Hands off our manpads

The CIA has been putting in security flaws into US-made weapons so that they can be disabled if they fall into the wrong hands.

The technology has been a feature of anti-aircraft missiles with the unfortunate name Man-Portable Air-Defense Systems (MANPADS), 

Dutch researcher Jos Wetzels told a cybersecurity conference in Leipzig, Germany on Saturday. Wetzels said the system was laid out in a batch of CIA documents published by WikiLeaks in 2017 but that the files were mislabeled and attracted little public attention until now.

 Wetzels said the CIA had come up with a “smart arms control solution” that would restrict the use of missiles “to a particular time and a particular place”. The technique, referred to as “geofencing”, blocks the use of a device outside a specific geographic area.

For example, Stinger MANPADS supplied by the United States are credited with helping mujahedeen rebels drive Soviet forces out of Afghanistan in a conflict that spanned the 1980s and 1990s. But US officials have since spent billions of dollars to clear the missiles from the country - and from other conflict zones around the world.
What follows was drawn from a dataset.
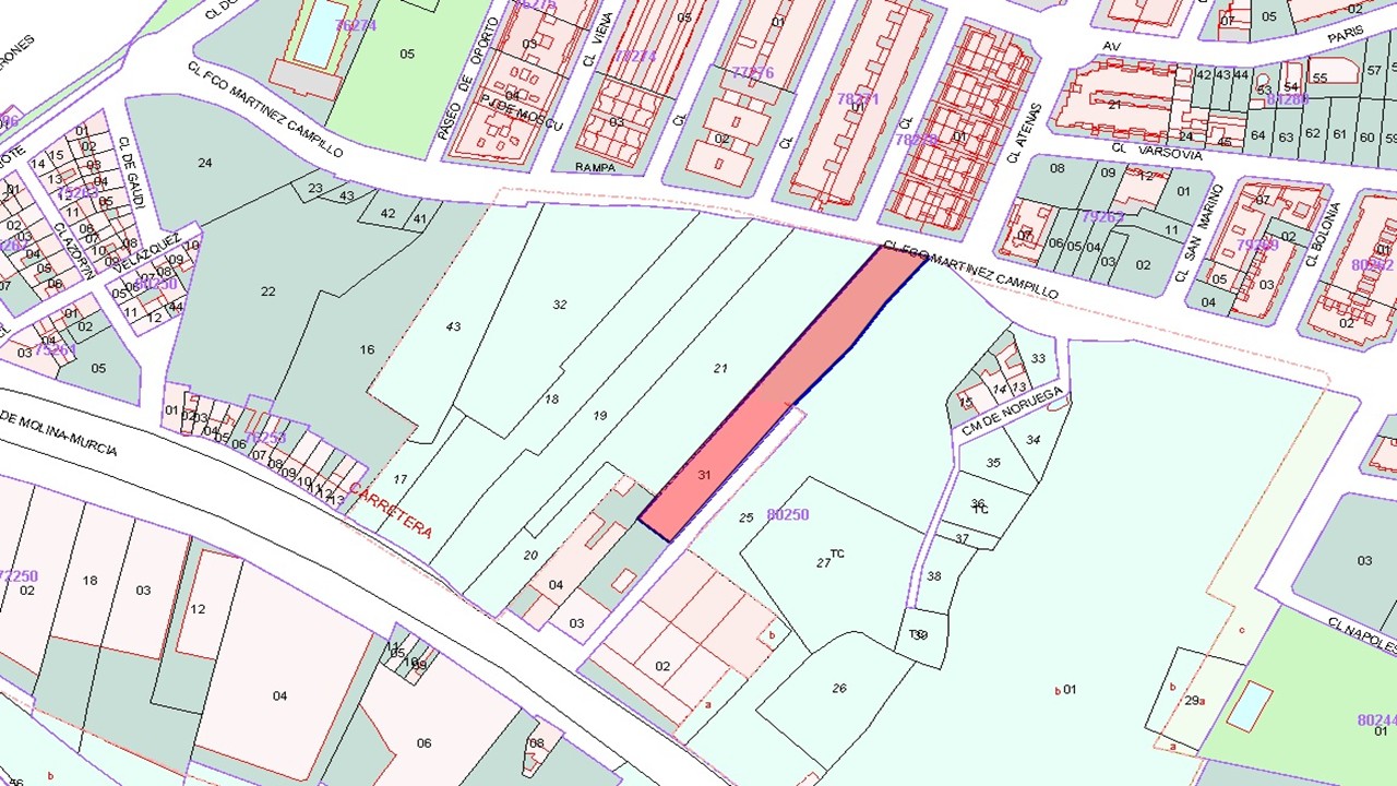 Se vende el 62.15% del pleno dominio de un suelo urbano situado en la localidad de Molina de Segura, provincia de Murcia. Tiene una superficie de 1903,45 m2 registrales. Molina de Segura es una ciudad y municipio español perteneciente a la Región de Murcia, situada en la comarca natural de la Vega Media del Segura, de la que es considerada capital, siendo sede del partido judicial de su nombre. Su término municipal tiene una extensión de 169,5 km².Es el cuarto municipio en población de la Región de Murcia, con 73 095 habitantes (INE, 2020),1 después de Murcia, Cartagena y Lorca. Del total de su población, aproximadamente un 65 % residen en el núcleo urbano, repartiéndose el resto entre 14 pedanías, sobre todo en Romeral, Torrealta, Ribera de Molina y El Llano. Forma parte del área metropolitana de Murcia.

Wetzels said it was unclear whether the CIA’s design ever left the drawing board or where it was meant to have been deployed, but he noted that the apparent period of development in the documents’ metadata - 2014 to 2015 - roughly coincided with media reports about the deployment of MANPADS to rebels in Syria. Geofencing might have been seen as a way of ensuring the missiles were used on the Syrian battlefield and nowhere else, he said.